Correct me if I'm wrong but the processor must have a static firmware to be compatible to the x64 standard? If so wouldn't AMD have to optimize the games(software) for their processors which is obviously impossible? What is going on there to say such things if it seems like it's impossible seeing the underlying conditions?

But I may be wrong (I hope so) so Question is:

Is it possible to achieve a speedup for a processor without changing the underlying hardware? If it's possible, how is this done? Is there software beside the firmware for the processor?


Solution 1:

Modern processors are much more complicated than one might think. They are incredibly complicated, nearly beyond the comprehension of a single person. Expanding on a short remark by "horta", one might have all of the following:

  1. To begin with, almost all internal hardware is configurable to a large extent. There are thousands and thousands of configuration registers with zillions of individual bits that must be set for a CPU to operate. All the several layers of CPU-cache interaction have configurable pipelines, and various timing delays obviously have an effect on overall performance.

  2. There are hundreds of advanced features that are put there by architects that engineering didn't have time to validate, so hundreds of features are disabled or set into fail-safe configuration with "chicken bits". But they can be tuned up and enabled if found functional and useful.
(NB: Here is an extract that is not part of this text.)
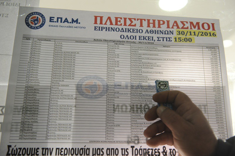 Συνθήματα και πανό στο Ειρηνοδικείο Αθηνών κατά των πλειστηριασμών

These enhancing features usually get validated in-depth over time, and can be gradually enabled over the life of a processor by various microcode patches.

  3. All recent CPUs have several internal units that are controlled by independent microprocessors that are embedded inside the x86 CPU chip. One publicly surfaced unit is the P-Unit. Modern processors can't function without aggressive power management, or they will melt. However, deep power management is in contradiction to an aggressive entry-exit clock/voltage policy, and changes in the policy strongly affect overall system performance. All details are controlled by the P-Unit, and can be optimized/tuned by loading another microcode patch, as answered here.

  4. Many other aspects of internal interconnection are controlled by various additional embedded processors, which can be corrected by loading microcode patches into them, or upgrading the BIOS if it has an access to these configuration resources.

In short, while the CPU hardware is indeed hardwired, the configuration of the said hardware pretty much defines its performance, and can be tuned for better system performance by means of BIOS updates and embedded microcode patches.

Solution 2:

A variety of software issues at both the operating system and appplication levels are causing suboptimal performance.

Eight-core Ryzen processors consist of two core complexes (CCXs) each with four cores and 8 MB of L3 cache. Accessing the L3 cache on a different CCX is slower due to the need to move data farther along the Infinity Fabric (AMD's proprietary cache-coherent interconnect), which means that moving threads from one CCX to another or communicating between cores on different CCXs results in reduced performance. This penalty is reminiscent of what would happen on a multi-socket server running an operating system that is not NUMA-aware.

It appears Windows has a tendency to simply move processes around different cores and does not recognize the inter-CCX communication penalty. This means that Windows may put threads on different CCXs even when doing so is not necessary, reducing performance.

German reviewer PC Games Hardware tested a Ryzen 7 1800X with varying numbers of cores disabled and found that having two CCXs with two cores enabled on each produces slower performance than having one CCX enabled with all of its cores intact:

PC Games Hardware benchmark result: Battlefield 1

This is despite the fact that having only one CCX enabled means that only 8 MB of L3 cache is available, rather than the full 16 MB. From the PC Games Hardware article, via Google Translate (emphasis added):

[...] It is much more exciting to recognize the fact that the CCX data transfers interfere with each other in any case - sometimes more, sometimes less clearly. The advantages of the larger L3 cache (2 + 2 configuration) are nowhere within this measurement series.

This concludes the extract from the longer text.